Esse casal desejava apenas aprender diretamente, mas acabaram por despertá-lo para o assunto.

Calmamente, Haroldo deu início à produção de uma apostila, que foi um trabalho demorado, pois não havia quase bibliografia disponível no Brasil e ainda a tecnologia era a do PASTE UP (antiga técnica desaparecida devido ao surgimento da computação gráfica, de colar as fotos ao lado dos textos na folha de papel, fazer uma cópia matriz e só depois tirar cópias).

Planejou as aulas e mandou para a imprensa. Nessa época ele já havia frequentado as páginas de jornais devido ao sucesso de meus restaurantes ( nesse link, você verá as diversas matérias em que ele apareceu a convite da imprensa).

No início de 1993, o chef teve uma matéria publicada no extinto Jornal da Tarde, que foi um fenômeno de aceitação.

A escola teve mais de 250 matrículas e fechou turmas para vários meses, sendo a primeira turma no dia 23 de fevereiro de 1993.

Deu-se assim, o início dos 28 anos de existência ininterrupta da escola O Clube do Sushi.

Nessa época, as aulas ocorriam no apartamento do chef Haroldo, no centro da cidade de São Paulo-SP, e assim permaneceu até meados de 1994, quando a escola mudou-se para uma casa térrea no Butantã, que tinha uma estrutura mais adequada.

Dividia seu tempo entre itamae (Chef) em meus restaurantes, professor e diretor na escola.
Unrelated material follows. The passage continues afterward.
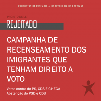 Recomendação apresentada pelo Bloco de Esquerda na Assembleia de Freguesia de Portimão a 22/04/2025, para que fosse feita uma campanha de apelo ao recenseamento eleitoral dos estrangeiros com direito a voto (isto é, UE, Brasil, Cabo Verde, Reino Unido, etc.). Rejeitada com os votos contra do PS, do CDS e do Chega e com a abstenção do PSD e da CDU.

Contou com a ajuda de excelentes profissionais em seus restaurantes, como: João Vergueiro Leme, que começou sua carreira em seu primeiro Sushiban, na Rua Teodoro Sampaio em 1989 e Saulo Silva que começou em seu primeiro restaurante e continuou até o 4º ou 5º, depois chefiou restaurantes como o Cia Asiática e mais tarde voltou a trabalhar com o Chef Arruda no Clube do Sushi, como Instrutor por mais alguns anos.

O Clube do Sushi hoje é instalado numa casa no Butantã desde 1998 e conta também com produtora própria de aulas de gastronomia.

Além da sala de aulas práticas conta também com outra para aulas teóricas, com data show para preleções de gestão e de microbiologia que é aplicada depois nas aulas práticas.

As aulas têm uma didática sempre em evolução baseada na forma como o aluno recebe o ensinamento.

A cognição é uma ciência complexa e é preciso haver uma compreensão profunda por parte de quem ensina e/ou cria a didática de uma escola.

A escola conta com uma doutora em ensino, responsável pela supervisão didática da escola, as aulas no Clube do Sushi são filmadas e depois analisadas para aprimoramento da didática.

Outro ponto importante é a disponibilização de ingredientes e aplicação prática de limpeza de pescados, como professor e profissional, Haroldo não abre mão de ensinar a limpar peixes em todos os cursos. O aluno que ingressa na escola tem que se especializar em tratamento de pescados e isso entra na planilha de notas e aqueles que não atingem pontuação necessária, podem solicitar aulas de reposição, ou fazer uma prova depois de algumas semanas. Esta última sem pagamento de taxa.

Sendo assim, o certificado que o aluno recebe, realmente certifica que o mesmo domina as técnicas ensinadas, e não apenas frequentou o curso.